Клавдий останавливается, поворачивается и нескончаемый миг смотрит прямо в лицо Брагге. Потом поднимает корону ещё выше, так высоко, как только может – и начинает речь.
Он говорит заученными фразами о верности легионов, о том, что они – плоть от плоти Империи, что они – её разящая длань. Проконсул не мастер долгих и красивых речей, это известно всем, поэтому он не особо усердствует. От имени всех, кто носил латы и щит с изображением василиска, он клянётся в верности новому повелителю, и легаты, как один, повторяют его слова.

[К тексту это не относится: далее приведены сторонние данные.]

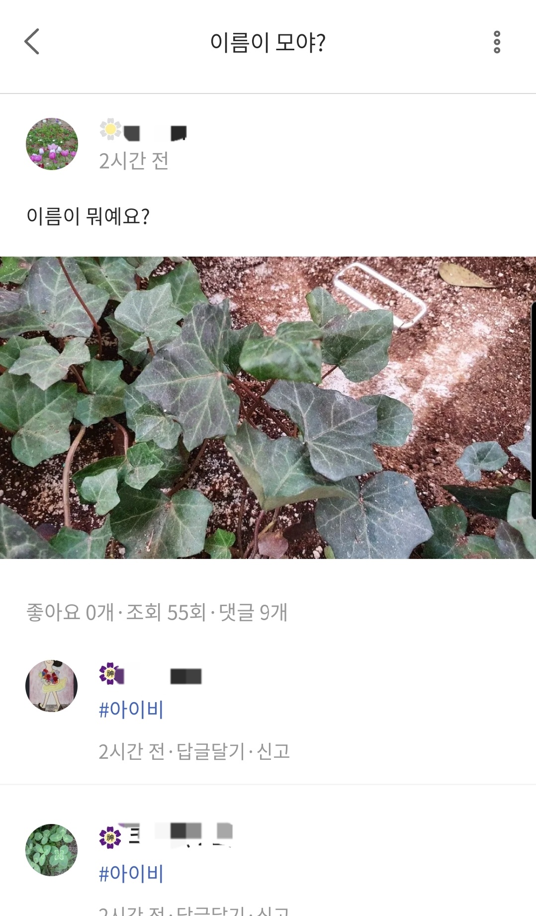 모르는 이 식물 사진을 업로드하니 곧바로 꽃 이름과 식물이름 알려주는 어플 "모야모"에서 알림이 울립니다. 모야모 어플을 열어서 확인하니 이 식물 이름은 아래 사진과 같이 "아이비"라고 알려 주네요.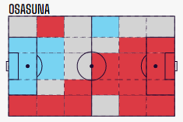 (Imagen: Zonas de dominio de Osasuna (azul) y rivales (rojo) de la 21/22 y 22/23 respectivamente)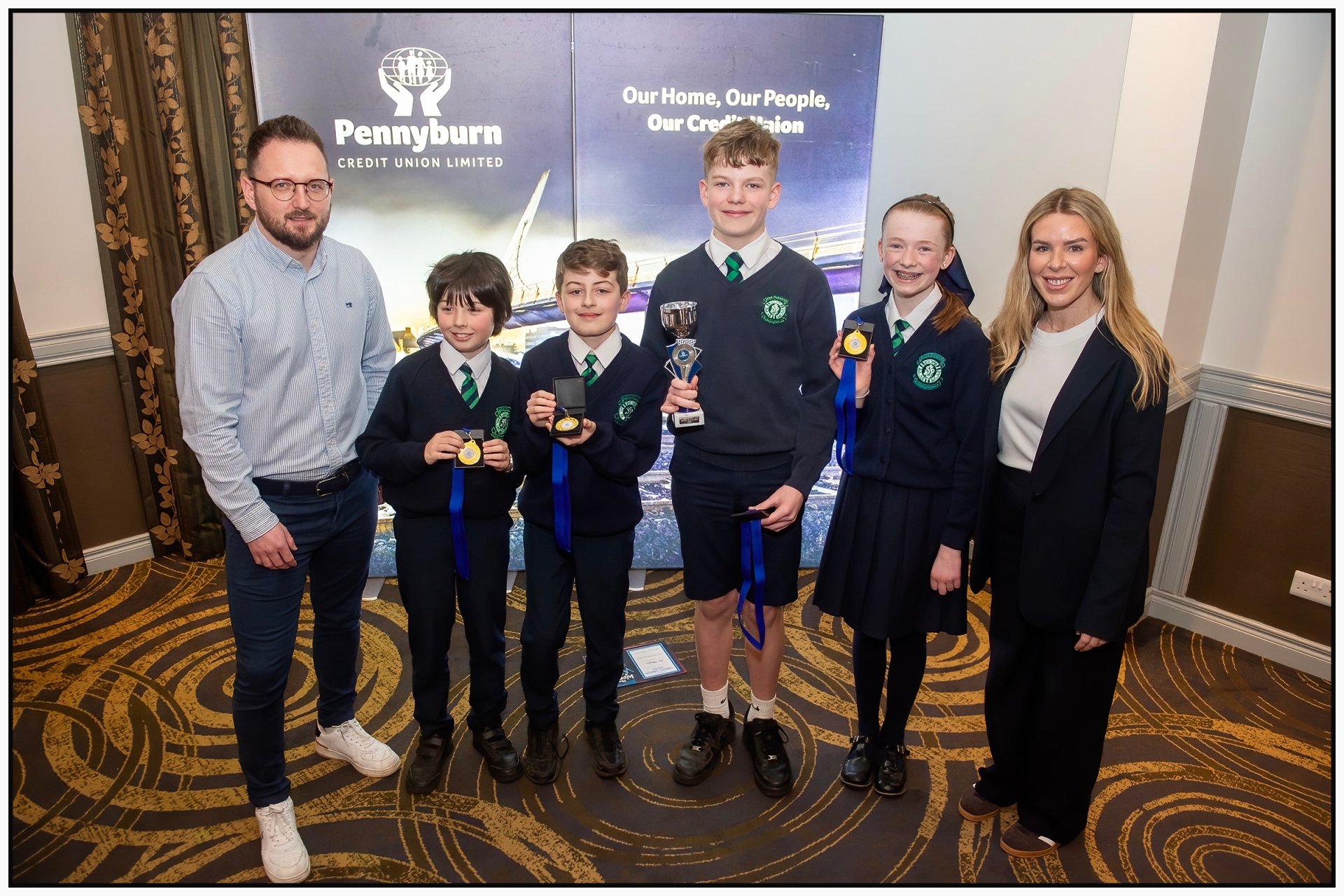 Competition B Winners St.Patricks P.S (L to R-Frank Doherty (CEO), Joe, Ben, Darragh, Edith & Laura B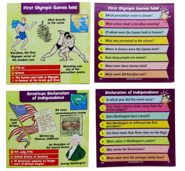 На обороте каждой карточки 8 вопросов: 4 на русском, с использованием английских слов, 4 на английском. Если игрок уже начал изучать английский, выбирайте второй блок вопросов — это будет ещё более полезной тренировкой.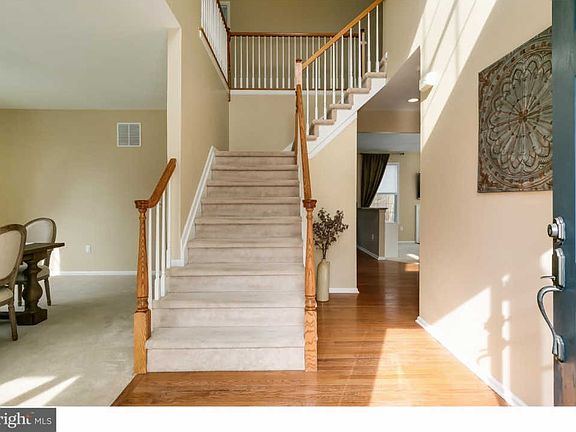 Proudly Presenting this WELL-MAINTAINED, 3 Bedroom, 2.5 Bath " Pottery Barn" Inspired Colonial that backs up to trees in the desirable "Grande at Rancocas Creek"! Upon entry, you are greeted with a 2-Story foyer that's boasting hardwood flooring leading into the Kitchen. The Living and Dining Rooms were made into one large Dining area that is great for entertaining and has neutral carpeting and paint with lots of natural sunlight pouring in. The eat-in Kitchen has oak wood cabinetry with granite countertops, a center island, recessed lighting, a full stainless steel appliance package, and sliders leading out to a Deck that you can enjoy during the warmer season. Adjacent is the Family Room that is nice and open and offers neutral carpeting with a gas fireplace for extra warmth during the Winter. Upstairs, the Master Suite, is very spacious with a walk-in closet and full Bath. The Bathroom features tile flooring, double oak wood vanity, a soaker tub, and stall shower. There are an additional 2 Bedrooms, both with ample closet space along with a full Bath. There is a full 39x29 un-finished Basement that could be finished off for the extra space you are looking for. It's already insulated! The backyard features a vinyl privacy fence. Additional features include: wine fridge built into island, Pottery Barn chandelier in DR, storage shed under deck, LED recessed lighting throughout house, and FR TV wall mount with wiring in the wall for a wire free look. Conveniently located near Rt. 130, I-295, shopping, and schools. Only approx. 20 mins from Philadelphia. Make your appointment today!

Печёт немилосердное солнце. И спастись от него можно одним-единственным.
Старческие руки архиепископа, все в сиреневых жилах и коричневатых пятнах, протягиваются к короне, слегка трясясь. Клавдий преклоняет колено и, опустив голову, вручает реликвию первосвященнику. Проконсул не слышит гула толпы, одобрительных возгласов – долго живи, Император!
Брагга медленно преклоняет колени, вновь поднимается. И так же медленно направляется вверх по ступеням.
Дрожат руки первосвященника.
Взор Клавдия словно прикован к процессии. Рядом с легатами появляется стража, но это уже ничего не изменит.
Брагга в одной ступени от архиепископа.
Слишком жарко, Клавдий. Слишком жарко. А воды нет и не будет.
И передовому легиону надо продержаться, пока не подтянутся главные силы.
Брагга опускается на одно колено. Склоняет голову.
Клавдий знает, что на него, бывшего проконсула Империи, смотрят сейчас и свитские в кованых доспехах, и оба мага Радуги, и невидимые серые, затерявшиеся в толпе.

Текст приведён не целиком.